Monday, October 14, 2013

A Philosophy of Time


I am an idealist.  I am a stargazer and a dreamer.  And then, I’m pragmatic.  I’m a realist who wants answers.  How do I reconcile artist with scientist?  Each looks at the world and wants something different.  The two are at war within me.  I stare starry eyed at the sunbeams filling my world…until I begin to fidget from the heat. 
            I don’t want to be a realist.
            I want to be an all out dreamer.  I want to fill my head with beauty and wonder.  Instead, I sit and marginalize each minute of my day.  Until the second swell to minutes and the minutes fill the hour and the bell rings for the next class.  And, like so many before me, I fritter away the hours of my day by numbering them and assigning them to tasks. 
            The human mind cannot fathom the possibilities of infinity.  An unending forever is too momentous for even the bravest of minds.  Therefore, we parcel and divide our existence.  Desperately hoping that by sub dividing infinity, we will somehow arrive at a real number.  If we divide and section time, perhaps we can come up with names for each part and a meaning for the whole.  But we don’t.  History repeats itself.  And the Digital Age holds no more meaning then the Stone Age. 

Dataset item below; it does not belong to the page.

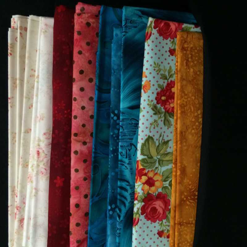 I have chosen my fabrics from my stash. I didn't have enough on some of the colors, so I just tried to make 'very close' choices. I pondered over this for how long now?? Finally, I just decided to just take a favorite piece I wanted to use, and build it from there! I love my colors, so I know I'll enjoy sewing the mystery pieces together.
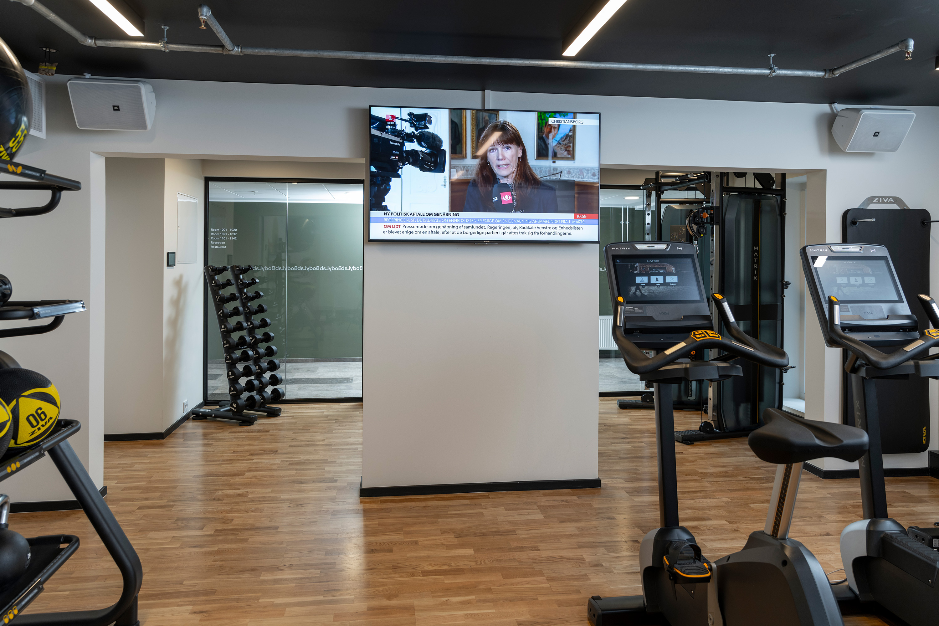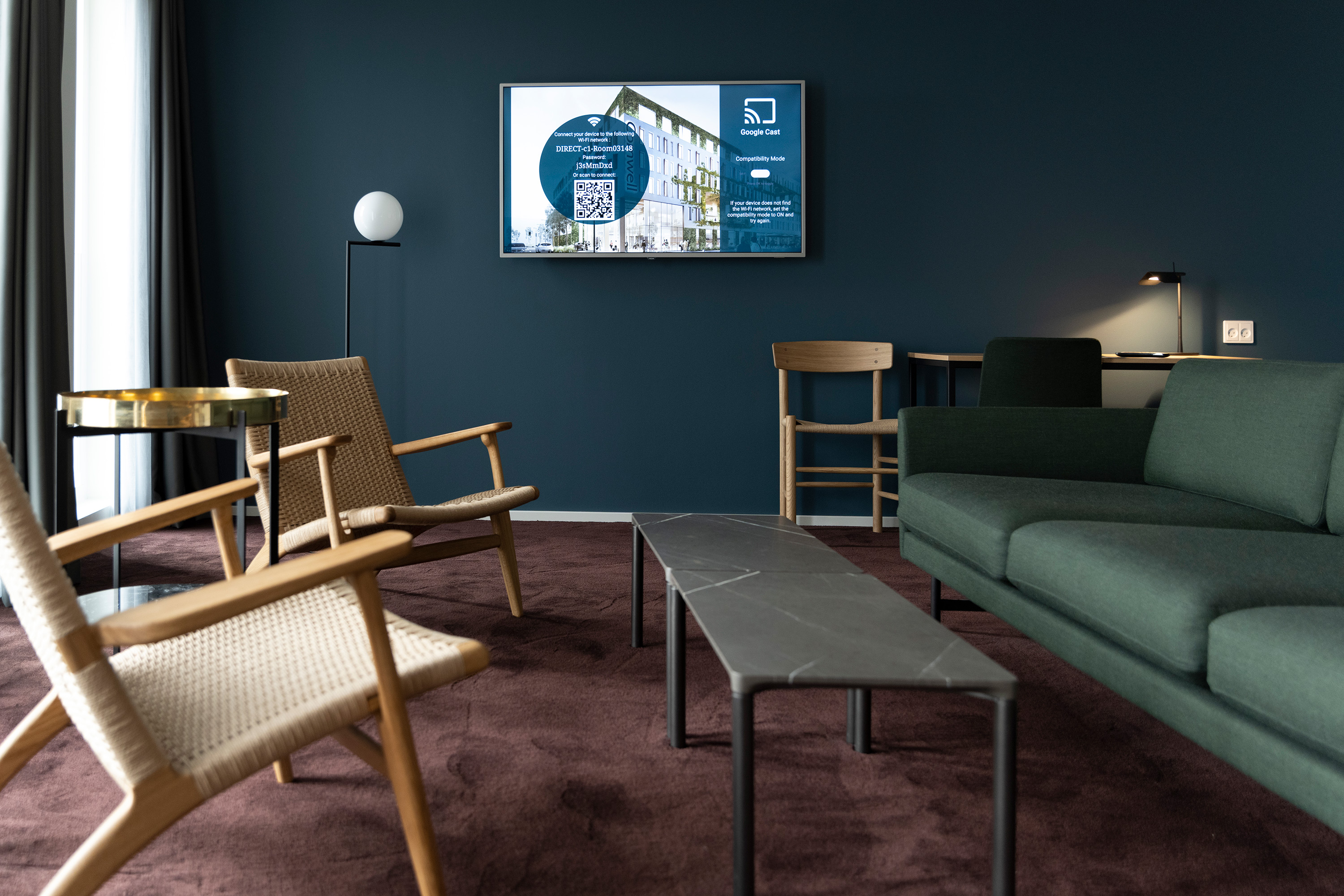I de store møderum er der valgt Samsung 98” LCD skærm, mens der bruges 55” LCD skærme i de otte lidt mindre huddle rooms. I alle rum er der Barco Clickshare, så alle brugere trådløst kan tilgå skærme og lyd. De selvsamme 98” skærme bliver også anvendt som infoskærme rundt omkring på hotellet, og hotellets personale kan lægge specialiseret og individuel information op på både konferenceskærme og på infoskærme med tilbud, velkomst og lignende. Til denne tilgang bliver der brugt Crestron NVX digitaldistribution. Crestron touchskærme er betjeningspanel i konferencerum, lobby og barer. Møderums kunderne behøver ikke at tænke på teknik, når de tager rummet i anvendelse. PIR sensorer sørger automatisk for at tænde alt AV-udstyr, når kunden går ind i rummet.

            Augustine proposed God outside of time.  And time as the point on which we stand allowing future to filter through us and become past.  But perhaps we build ourselves this peephole—forever looking back on the past and forward to the future.  Or we build ourselves a box that is safe and sound and predictable.  A box that cages us in comfort and reality.  What if God asks us to step outside of the box.  In the end, He pulls us out of time and into eternity with him, but how will it feel when the restraints of time are melted at the throne of God?  Will we feel free from confining captivity?  Or stripped of our only security?  Certainly God is not a safe God. 
Perhaps the miracle of Christ should not be imaged as a cross bridging the gap between us and God.  Rather, we should imagine that we are trapped in a box that lies in the middle of the infinite truth of who God is.  God does not call us to cross a gap.  He calls us to roll back the stone and truly live.  No longer dead in our transgressions, but alive in the infinity of Him.  Suddenly, an entire universe is unleashed upon our senses.  It is marvelous to behold.  Incomprehensible and dangerous, but somehow wondrous and beautiful.  While it may feel safer to carry a box over your head, what use is life without the Sun shining over you?